>>>
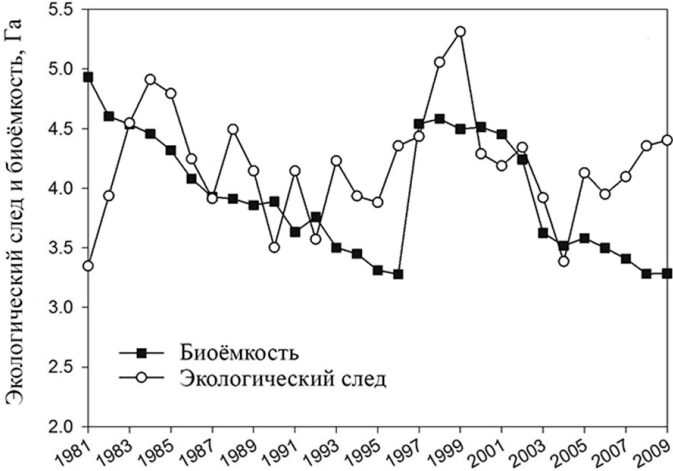 Проанализируйте графики «Изменение экологического следа и биоёмкости сельскохозяйственных угодий одной из провинций Китая». Экологический след – условная величина, характеризующая размер площади, необходимой для обеспечения одного человека пищей, теплом и т. д. в течение года. Биоёмкость – условная величина, характеризующая площадь биологически продуктивной территории, которая может использоваться для удовлетворения потребностей человека в течение года. Выберите утверждения, сформулированные на основании анализа полученных результатов. Запишите в ответе цифры, под которыми указаны выбранные утверждения.
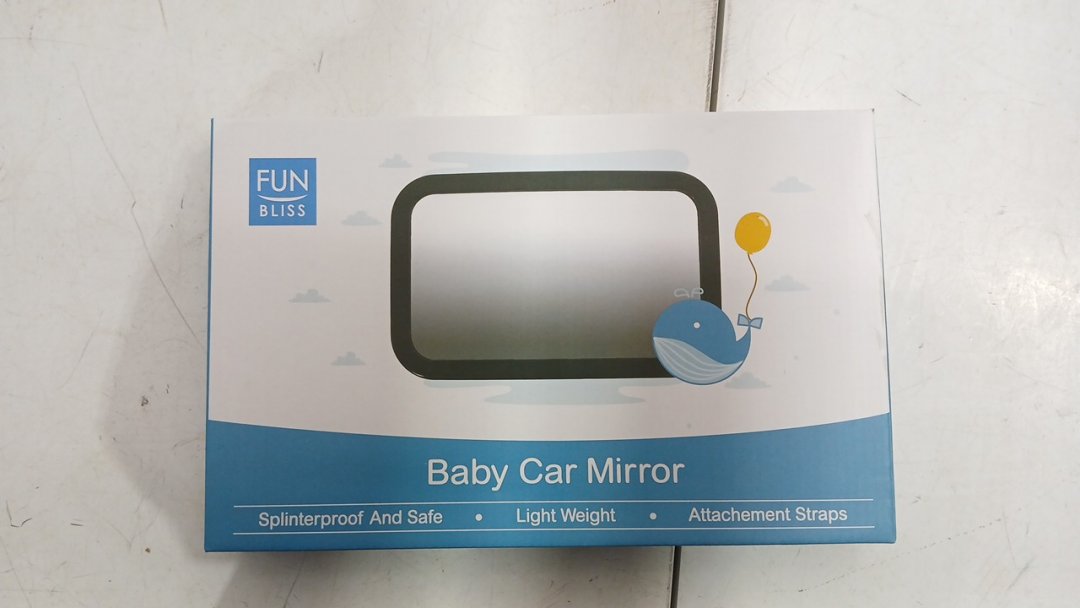 Funbliss Baby Shatterproof Car Mirror for rear facing car seats - 7" x 9.7" - black/silver
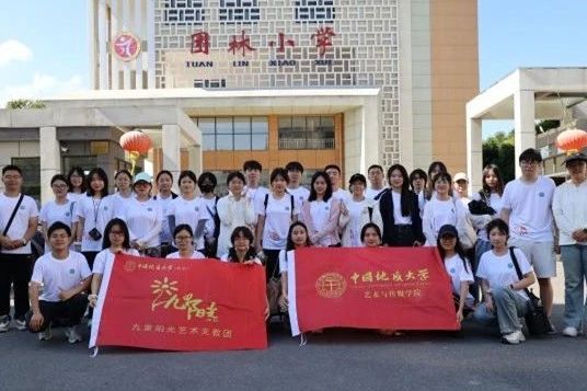 九里阳光艺术支教团在学院党委书记冷再心、党委副书记边建华、专职辅导员曾戈晖以及姜盛为的带领下,于 2025 年 7 月 2 日踏上征程,前往湖北省荆门市掇刀区团林小学和团林中学,开展为期 10 天的暑期艺术支教活动。
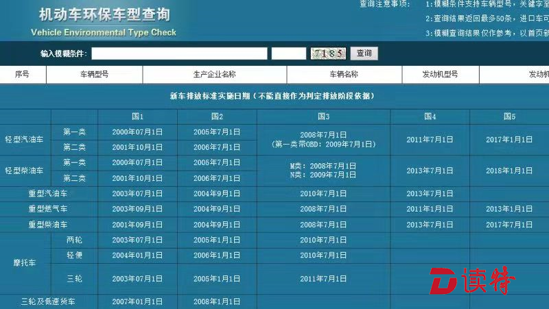 此外,2017年1月1日前生產(chǎn)的或進(jìn)口的機(jī)動(dòng)車可通過登錄機(jī)動(dòng)車環(huán)保網(wǎng)網(wǎng)站自助查詢排放標(biāo)準(zhǔn)信息。2017年1月1日后生產(chǎn)的或進(jìn)口的機(jī)動(dòng)車以該車的《環(huán)保信息隨車清單》為準(zhǔn),清單上已備注該車的排放標(biāo)準(zhǔn),同時(shí)清單上也有二維碼,通過掃描二維碼的結(jié)果可判斷該清單內(nèi)容是否屬實(shí);如無(wú)《環(huán)保信息隨車清單》,可通過機(jī)動(dòng)車環(huán)保信息公開平臺(tái)查詢(http://219.141.229.209/ve/vin/index)。
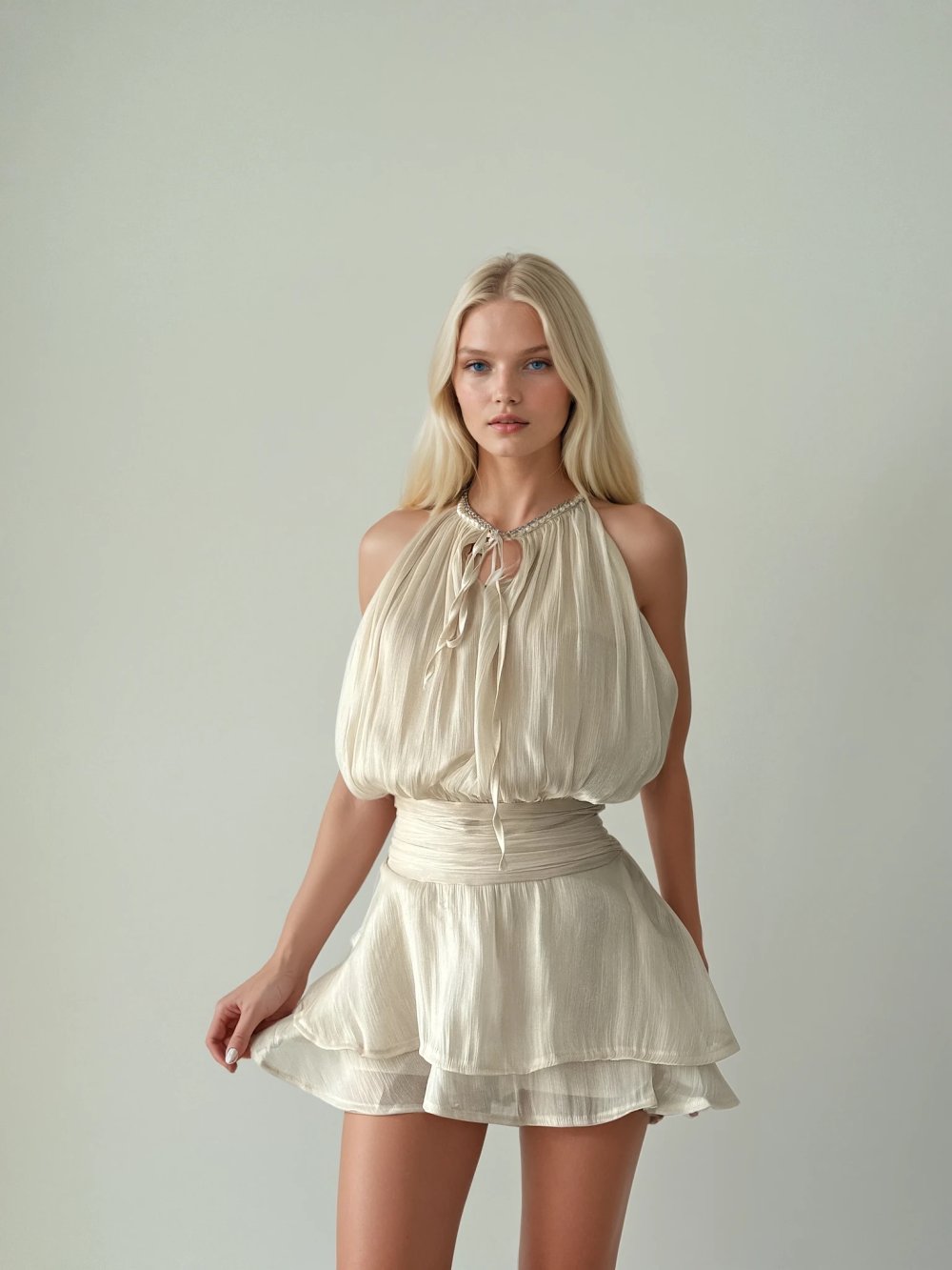 Vanesya Boncuk Detaylı Organze Tasarım Elbise Bej
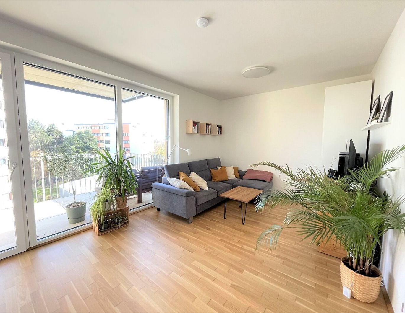 Die Wohnung besticht besonders durch ihre hochwertige Ausstattung und die perfekte Raumaufteilung, bestehend aus Vorraum, einem großem Wohn-/Essbereich mit moderner Küche und Ausgang auf den Balkon, zwei getrennt begehbaren Schlafzimmern sowie Badezimmer mit einer ebenerdigen Dusche und extra WC. Vom Wohnzimmer aus gelangt man auf den Balkon, welcher zum Entspannen im Freien einlädt. Die großen Fenster- und Glasflächen, welche die Wohnung mit Tageslicht durchfluten, schaffen ein sehr angenehmes Wohnambiente.
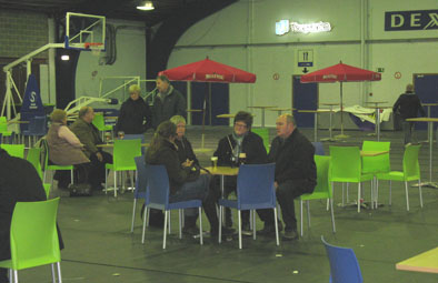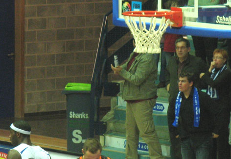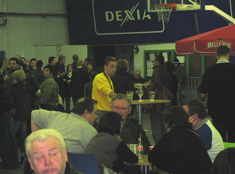 О резиденции клуба: такой себе зальчик на 5 000 мест, с двумя тренировочными полями, размером с наш «Строитель», с количеством стояче – сидячее - закапелочных и ВИП ресторанов-кафе-баров-хот-договских и т.п. С этим у них легко и просто: 400 видов бельгийского пива надо же где-то пробовать!!! Но когда – это понятно: народ собирается за час до игры, разминается – по бокалчику –другому. Перерывчики тоже зря не теряют: ещё по парочке. При этом удивительно: практически нет пьяных. Точнее: пьяных по- нашемы: « А – ну давай поговорим!» и т.п. Автор этих строк трижды успел в перерывах рёва зала одиноко прокричать милое сердцу: „Черкаські Мавпи” – и никто из этой малотрезвой, но очень приятной публики, не призвал нарушителя идилии к ответу. Следует отметить ( в святи с заявлениями о грядущем 100- кратном повышении штрафов за управление авто в нетрезвом состоянии) что в Бельгии за выпитые пару бокальчиков пива „перед стартом” никого не штрафуют. Думаю, после игры с „Мавпами” вообще никого не останавливали : НУ ЛЮБЯТ У НИХ БАСКЕТБОЛ!!! В городе с населением в 98 000 жителей ( включая пенсионеров и новорождённых), зал на 5 000 мест был забит до отказа уже за пол- часа игры. При этом на галерке уютно разместились любители „баскетбола с гарниром”: штук п’ять – шесть ВИП – ресторанов для желающих и могущих себе позволить пить пиво , а скорее всего французское шампанское ( до Парижа- 240 км) – не выходя из зала.
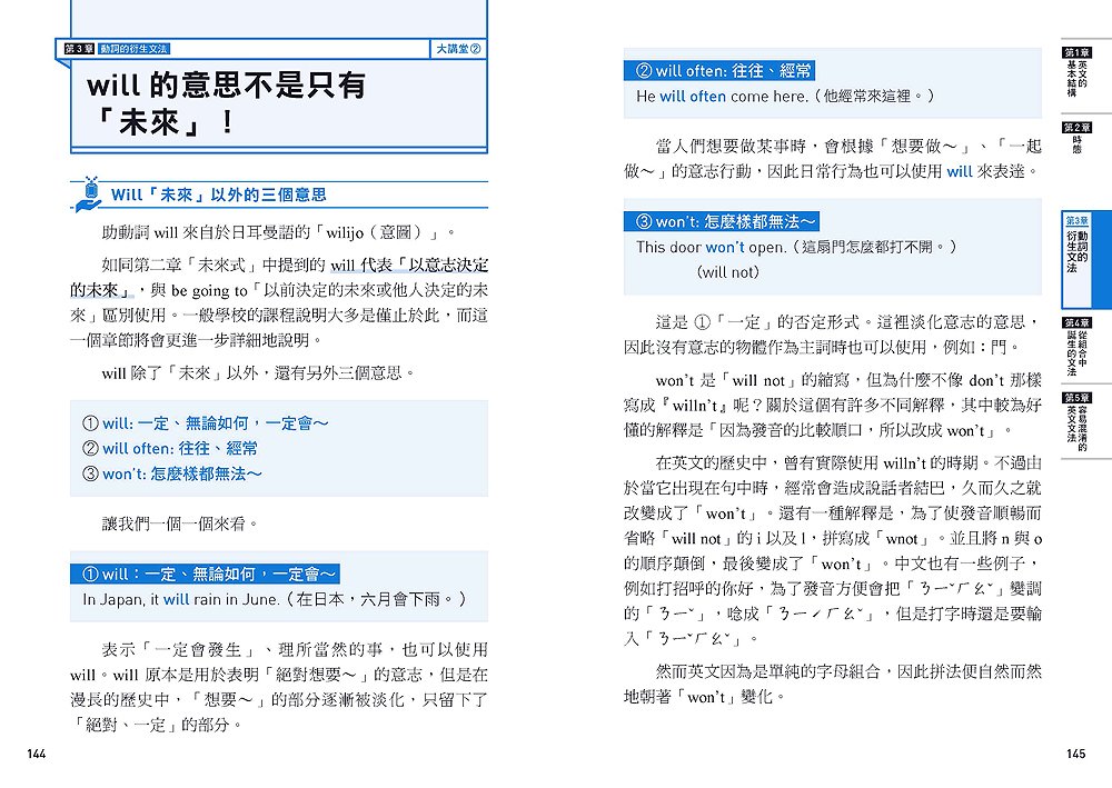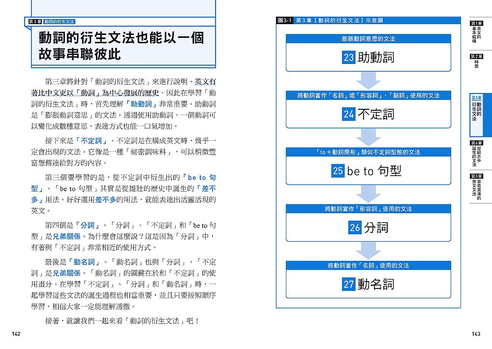 介紹了英文中由動詞延伸的用法,例如can 和be able to的差異、must和have to 的理解等,幫助學習者掌握這些難以搞懂的細節並靈活運用。
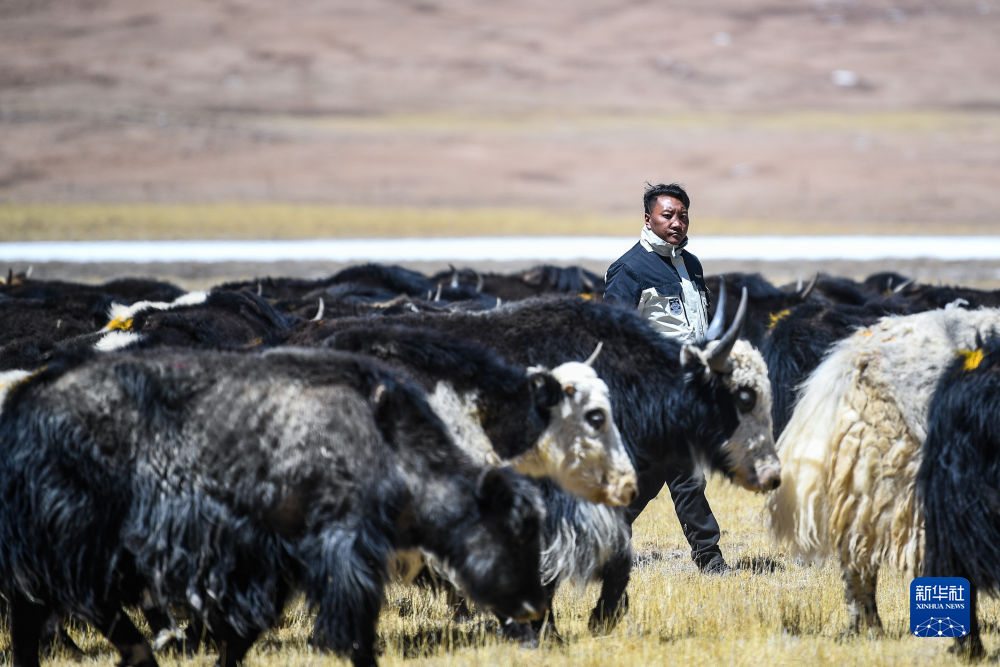 尼瑪才仁正在草場查看犛牛(4月20日攝)。新華社記者 張龍 攝
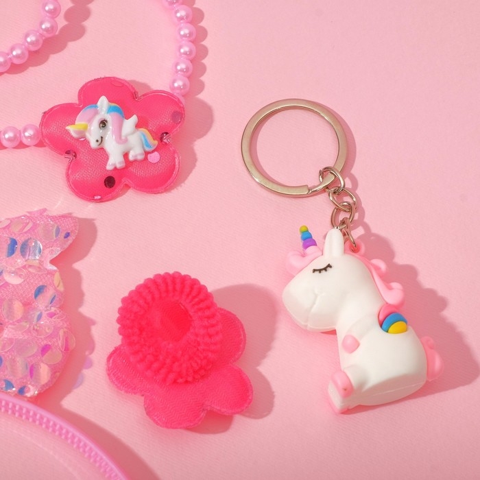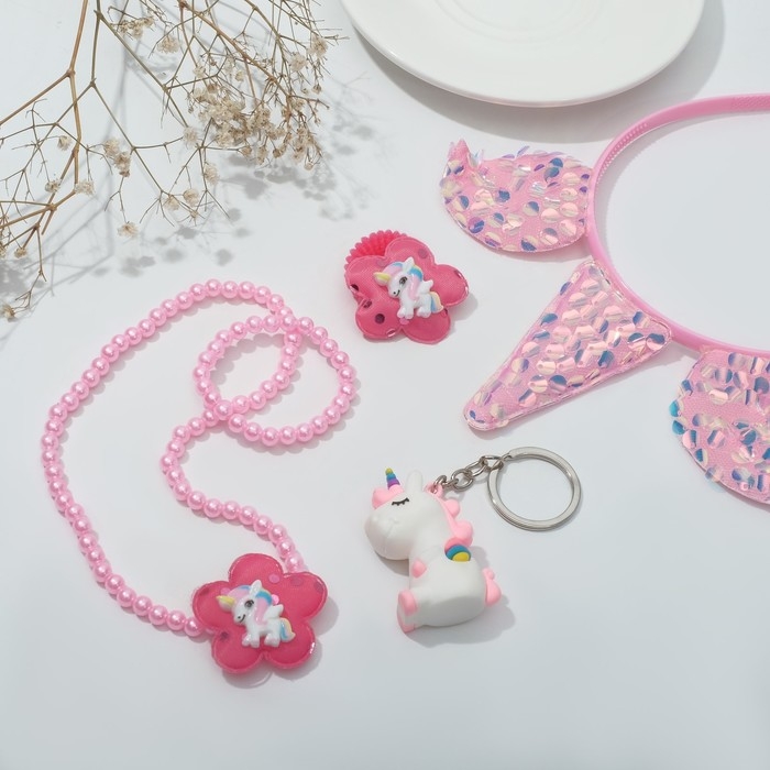 Набор детский «Выбражулька» 5 предметов: ободок, резинка, кулон, браслет, брелок, единорог, цветной
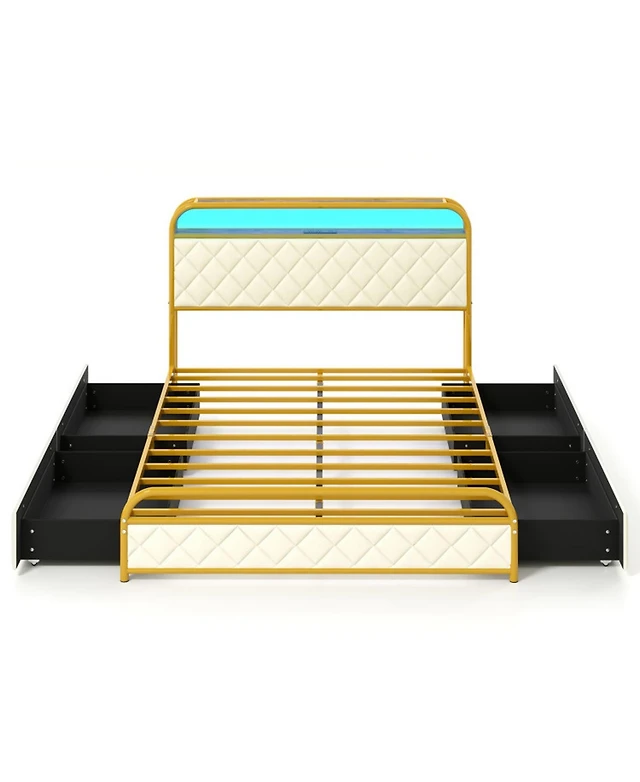 gaomon Twin Led Upholstered Bed Frame with Storage Drawer
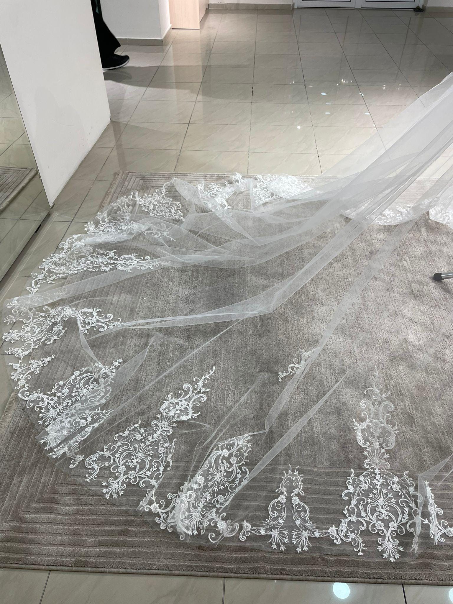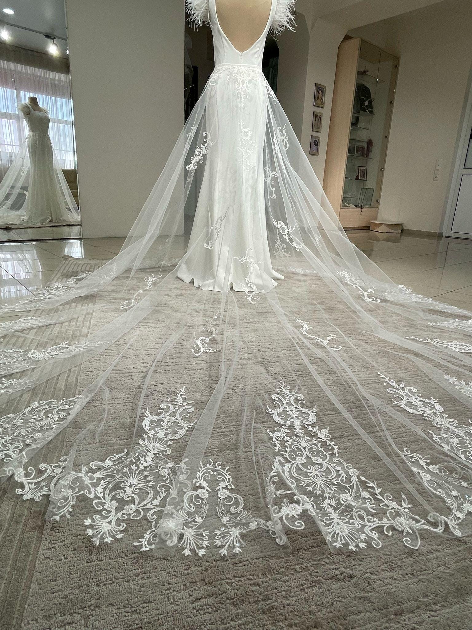 One layer of tulle is decorated bottom with lace . The train is made of soft tulle, which is attached to a tulle embroidery belt.
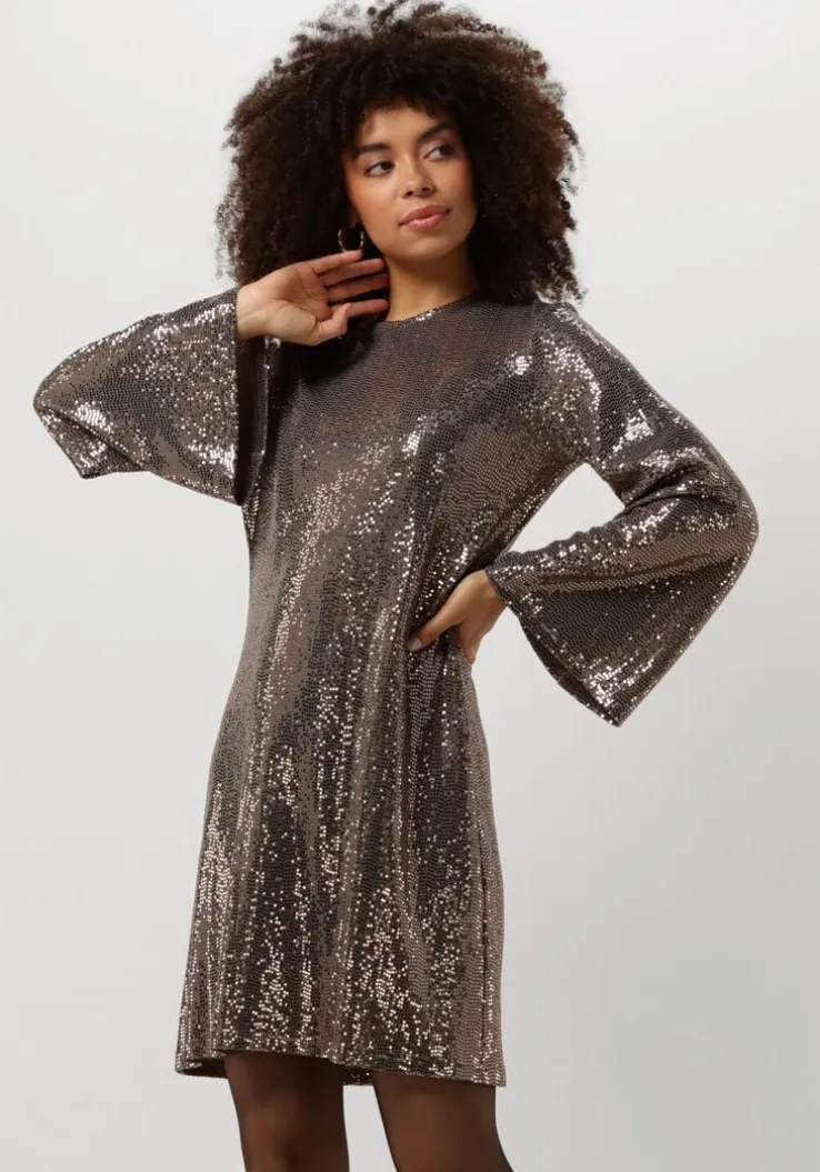 Stralend de avond in met de DRESS WIDE SLEEVES van ANA ALCAZAR. Deze grijze mini jurk, bezaaid met zilverkleurige, glinsterende pailletten, trekt alle aandacht. Perfect voor een avondje uit of een feestelijke gelegenheid. Combineer met een paar elegante hakken en een clutch voor een complete look. De wijde mouwen geven een speelse twist aan het geheel. Voel je zelfverzekerd en stijlvol in deze opvallende jurk.
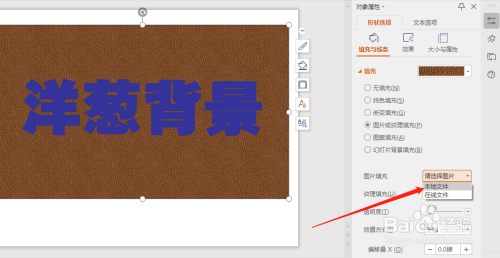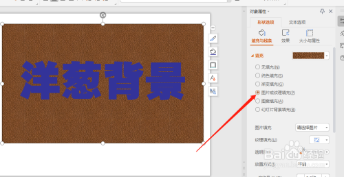 把字体的布景设置为洋葱,点击图片或纹理填充。
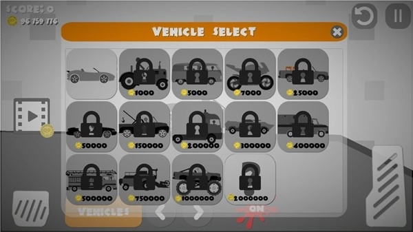 6、所有车辆都能够单独解锁,不需要按照顺序购买,只要金币足够,就可以直接解锁最高级的车型并马上使用。
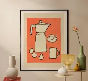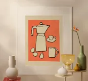 Porta un tocco di stile alla tua cucina con il poster artistico "Coffee Set". Questa opera d'arte, caratterizzata da un'illustrazione vivace di una caffettiera e tazze, è perfetta per gli amanti del caffè e aggiunge personalità a qualsiasi ambiente. Realizzato con materiali di alta qualità, è un must per la tua collezione di decorazioni murali.
<<<
## Task instructions
Begin with the line holding "брелок, единорог, цветной" and end with the last line of the listing. Reproduce each of those lines exactly, and leave every picture out.

## Solution for this exercise
 Набор детский «Выбражулька» 5 предметов: ободок, резинка, кулон, браслет, брелок, единорог, цветной
 gaomon Twin Led Upholstered Bed Frame with Storage Drawer
 One layer of tulle is decorated bottom with lace . The train is made of soft tulle, which is attached to a tulle embroidery belt.
 Stralend de avond in met de DRESS WIDE SLEEVES van ANA ALCAZAR. Deze grijze mini jurk, bezaaid met zilverkleurige, glinsterende pailletten, trekt alle aandacht. Perfect voor een avondje uit of een feestelijke gelegenheid. Combineer met een paar elegante hakken en een clutch voor een complete look. De wijde mouwen geven een speelse twist aan het geheel. Voel je zelfverzekerd en stijlvol in deze opvallende jurk.
 把字体的布景设置为洋葱,点击图片或纹理填充。
 6、所有车辆都能够单独解锁,不需要按照顺序购买,只要金币足够,就可以直接解锁最高级的车型并马上使用。
 Porta un tocco di stile alla tua cucina con il poster artistico "Coffee Set". Questa opera d'arte, caratterizzata da un'illustrazione vivace di una caffettiera e tazze, è perfetta per gli amanti del caffè e aggiunge personalità a qualsiasi ambiente. Realizzato con materiali di alta qualità, è un must per la tua collezione di decorazioni murali.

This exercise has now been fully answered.